Imperial: Prize boosts nanotech development

01 Mar 2007 | Network Updates

A multidisciplinary team from Imperial College London, Molecular Vision Ltd and Imperial Innovations has won a prize of £250,000 from the Royal Society to develop two innovative nanotech concepts through to commercial exploitation.

The winning technology targets step changes in the speed and economics of manufacturing organic semiconductor devices, and has the potential to yield major breakthroughs for climate change and carbon control.

The funding will help the team commercialise two fabrication processes in the intellectual property pipeline of Imperial Innovations: an interlayer lithography technique and a solid-phase transfer lithography technique. Such techniques are expected to help realise the full potential of plastic electronics by enabling low-cost high-throughput reel-to-reel manufacturing for a variety of applications.

The team is focusing on organic photovoltaics and solid-state lighting applications for which multiple benefits could result, including commercial breakthroughs in multi-billion pound markets.

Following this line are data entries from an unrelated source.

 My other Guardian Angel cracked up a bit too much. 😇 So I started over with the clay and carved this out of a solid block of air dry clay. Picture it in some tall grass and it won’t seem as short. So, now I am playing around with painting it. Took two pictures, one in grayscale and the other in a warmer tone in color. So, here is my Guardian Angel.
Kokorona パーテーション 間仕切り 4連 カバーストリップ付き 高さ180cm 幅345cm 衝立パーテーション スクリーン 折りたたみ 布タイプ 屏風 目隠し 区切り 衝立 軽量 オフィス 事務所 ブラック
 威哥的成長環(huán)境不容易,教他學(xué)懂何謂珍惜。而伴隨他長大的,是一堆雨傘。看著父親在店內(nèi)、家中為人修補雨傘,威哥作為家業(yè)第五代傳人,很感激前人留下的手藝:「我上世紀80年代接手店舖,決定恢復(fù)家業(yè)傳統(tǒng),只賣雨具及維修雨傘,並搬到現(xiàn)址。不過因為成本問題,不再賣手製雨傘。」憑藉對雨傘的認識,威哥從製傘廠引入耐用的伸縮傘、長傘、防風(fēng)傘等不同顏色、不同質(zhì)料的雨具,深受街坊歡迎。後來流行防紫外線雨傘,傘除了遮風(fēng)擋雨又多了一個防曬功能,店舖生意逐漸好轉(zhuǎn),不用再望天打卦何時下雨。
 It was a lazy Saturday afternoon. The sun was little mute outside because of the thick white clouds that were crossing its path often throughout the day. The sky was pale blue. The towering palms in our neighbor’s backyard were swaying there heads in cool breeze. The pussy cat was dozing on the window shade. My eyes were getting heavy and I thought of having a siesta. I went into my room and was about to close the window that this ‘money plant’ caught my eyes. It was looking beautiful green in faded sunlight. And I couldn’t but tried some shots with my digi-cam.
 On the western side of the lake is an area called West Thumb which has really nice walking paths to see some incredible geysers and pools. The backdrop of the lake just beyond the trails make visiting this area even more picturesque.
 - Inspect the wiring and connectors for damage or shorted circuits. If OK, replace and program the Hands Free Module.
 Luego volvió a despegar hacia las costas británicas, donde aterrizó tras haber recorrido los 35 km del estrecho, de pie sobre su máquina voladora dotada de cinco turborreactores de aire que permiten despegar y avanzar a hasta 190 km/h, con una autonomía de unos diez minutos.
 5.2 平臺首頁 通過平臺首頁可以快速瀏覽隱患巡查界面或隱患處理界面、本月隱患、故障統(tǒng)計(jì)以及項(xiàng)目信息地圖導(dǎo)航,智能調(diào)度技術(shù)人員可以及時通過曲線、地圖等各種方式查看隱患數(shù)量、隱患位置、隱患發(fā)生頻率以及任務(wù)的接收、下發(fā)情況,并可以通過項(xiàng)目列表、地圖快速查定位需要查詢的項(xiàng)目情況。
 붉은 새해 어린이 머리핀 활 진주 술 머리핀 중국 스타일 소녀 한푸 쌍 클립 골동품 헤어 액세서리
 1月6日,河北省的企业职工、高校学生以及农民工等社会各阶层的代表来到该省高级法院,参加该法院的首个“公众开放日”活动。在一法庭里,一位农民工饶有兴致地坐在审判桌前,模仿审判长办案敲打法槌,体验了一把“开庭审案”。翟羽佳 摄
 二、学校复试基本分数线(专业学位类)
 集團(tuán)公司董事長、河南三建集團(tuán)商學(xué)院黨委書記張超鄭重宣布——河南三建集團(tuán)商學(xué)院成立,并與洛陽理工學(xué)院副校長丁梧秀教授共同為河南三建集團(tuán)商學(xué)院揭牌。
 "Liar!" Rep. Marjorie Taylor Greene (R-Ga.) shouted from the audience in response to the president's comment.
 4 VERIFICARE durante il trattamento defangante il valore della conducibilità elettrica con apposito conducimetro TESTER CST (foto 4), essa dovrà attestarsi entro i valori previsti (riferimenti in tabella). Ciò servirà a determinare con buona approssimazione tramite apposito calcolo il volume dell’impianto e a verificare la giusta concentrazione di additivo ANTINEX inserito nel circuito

The applications could  strengthen the plastic electronics manufacturing industry in the UK, and make a huge impact on carbon control and efforts to arrest negative trends in climate change – both in terms of energy production (organic solar cells) and consumption (organic solid-state lighting).

A hundred megatonnes of carbon-equivalent emissions could be saved each year by implementing more energy-efficient solid-state lighting technologies worldwide in the next two decades.

The team plans to work with industry partners and public-sector organisations committed to tackling climate change issues and advancing the technology innovation base of the UK.